In a recent article, "DNS: Painful Reminders of How Important It Is," I alluded to the problem uncovered by Dan Kaminsky (director of pen testing at IOActive and Doxpara Research). This past week at Black Hat 2008, Kaminsky finally revealed the actual details of the bug he discovered. The design flaw makes it a great deal easier to poison a name server's cache, voiding any trust in query results from that name server. In order to understand the magnitude of the bug, we need to be familiar with how a DNS query works, so let's start there.Domain Name System (DNS)
Humans like to use easily remembered names (FQDN), whereas digital machines such as computers like to use numbers (IP addresses). DNS is simply the go-between, allowing us to enter a name into a Web browser's address bar or e-mail address instead of a cryptic number. For example, I want to go to www.techrepublic.com. Let's follow the steps of how my Web browser accomplishes that:
- I type www.techrepublic.com in the Web browser.
- The Web browser then asks the resolver (a background client DNS application that resolves FQDNs to IP addresses) to convert www.techrepublic.com into an IP address.
- The resolver first checks the host's file and the local cache to see if the FQDN/IP address combination is available. If it is, the resolver passes the IP address to my computer's network protocols to set up a connection. If not, the resolver contacts the name server at my ISP, asking it for the IP address of www.techrepublic.com.
- If the ISP's name server has that information in its cache, it will immediately return the IP address to the resolver, which once again sets up a connection. One important term that we need to understand is recursive name server. It's simply a name server such as my ISP's that relies on other name servers for authoritative answers.
- If not found, my ISP's name server takes over looking for the techrepublic.com name server by querying what are called authoritative name servers. To explain, the three components of the FQDN www.techrepublic.com determine the order of the authoritative name servers queried. Com is the top level of this particular name, so the search starts there; the next level is techrepublic, and finally www.

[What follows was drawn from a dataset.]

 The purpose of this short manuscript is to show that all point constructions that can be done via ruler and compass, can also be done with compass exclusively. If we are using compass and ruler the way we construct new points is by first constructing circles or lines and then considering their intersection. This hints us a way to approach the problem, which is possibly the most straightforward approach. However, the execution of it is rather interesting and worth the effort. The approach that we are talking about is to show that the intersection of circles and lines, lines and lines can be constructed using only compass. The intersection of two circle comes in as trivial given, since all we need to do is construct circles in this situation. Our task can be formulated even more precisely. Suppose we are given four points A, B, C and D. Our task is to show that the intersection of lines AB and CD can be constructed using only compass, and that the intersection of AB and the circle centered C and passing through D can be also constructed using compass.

- First, my ISP's name server queries the root name server (authoritative for .com, .net, etc). The root name server returns the IP address for the appropriate .com name server to my ISP's name server.
- Next, my ISP's name server queries the .com name server (authoritative for name servers in the .com domain) for the IP address of the techrepublic.com name servers. The .com name server returns the appropriate IP addresses to my ISP's name server.

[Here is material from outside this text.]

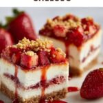 Delight in these Strawberry Crunch Cheesecake Chunks featuring a creamy baked cheesecake on a buttery graham cracker crust, topped with a crunchy golden Oreo and strawberry topping, finished with a luscious homemade strawberry sauce and white chocolate drizzle. Perfect bite-sized treats for any occasion, served chilled for a refreshing dessert experience.

- Now my ISP's name server queries the techrepublic.com name server for the IP address associated with www.techrepublic.com. Finally, my ISP's name server has the required IP address, sending it to the resolver application on my computer so it can establish a connection.
- Once connected, the Web server will send the specified Web pages back for display on my Web browser.

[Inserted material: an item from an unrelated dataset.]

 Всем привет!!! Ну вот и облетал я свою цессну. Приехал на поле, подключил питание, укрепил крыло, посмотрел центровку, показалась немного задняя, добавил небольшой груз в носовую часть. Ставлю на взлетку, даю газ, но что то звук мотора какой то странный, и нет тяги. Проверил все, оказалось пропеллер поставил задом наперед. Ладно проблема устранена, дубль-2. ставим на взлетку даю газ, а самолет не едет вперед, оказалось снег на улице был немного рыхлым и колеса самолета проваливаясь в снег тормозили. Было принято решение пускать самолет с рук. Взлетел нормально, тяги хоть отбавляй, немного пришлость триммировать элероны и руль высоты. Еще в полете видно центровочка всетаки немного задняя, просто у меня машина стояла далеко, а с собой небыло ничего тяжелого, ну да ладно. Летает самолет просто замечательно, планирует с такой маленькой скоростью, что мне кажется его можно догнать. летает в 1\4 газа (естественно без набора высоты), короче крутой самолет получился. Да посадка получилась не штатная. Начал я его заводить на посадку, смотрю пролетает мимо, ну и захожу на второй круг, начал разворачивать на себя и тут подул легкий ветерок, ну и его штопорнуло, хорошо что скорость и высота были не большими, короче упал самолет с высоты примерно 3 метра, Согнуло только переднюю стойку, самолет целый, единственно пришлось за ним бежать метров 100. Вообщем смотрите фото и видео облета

That seems like a great deal of back and forth just to get the IP address of a Web site. Thankfully, these transactions take only milliseconds due to several features incorporated in the DNS protocol. I'd like to give a quick overview of these features as they are important to our discussion about the new DNS bug.
To help reduce the number of queries, DNS uses caching. For example, my ISP's name server may have recently communicated with the .com name server. If so, my ISP's name server stores that information in its cache, cutting out a step. The more popular a Web site is, the better chance my ISP's name server will have the Web site's IP address already stored in its cache.
Time to live (TTL)
The IT department at TechRepublic decides to change the IP address of the Web site www.techrepublic.com. When that happens, how do all the name servers around the world receive the new IP address for www.techrepublic.com? It's taken care of by a component of caching called Time to live (TTL). TTL controls how long a server will cache the FQDN/IP address information. This allows new information to propagate efficiently, keeping all DNS records in the cache accurate.
"Out of bailiwick"
"Out of bailiwick" refers to any information that doesn't pertain to the original DNS query. For example, an ISP's name server asked for information about www.techrepublic.com, instead information about www.faketechrepublic.com is returned. That information is "out of bailiwick." This problem surfaced in the early editions of DNS but is no longer an issue. It does relate to the discussion on Kaminsky's DNS bug though.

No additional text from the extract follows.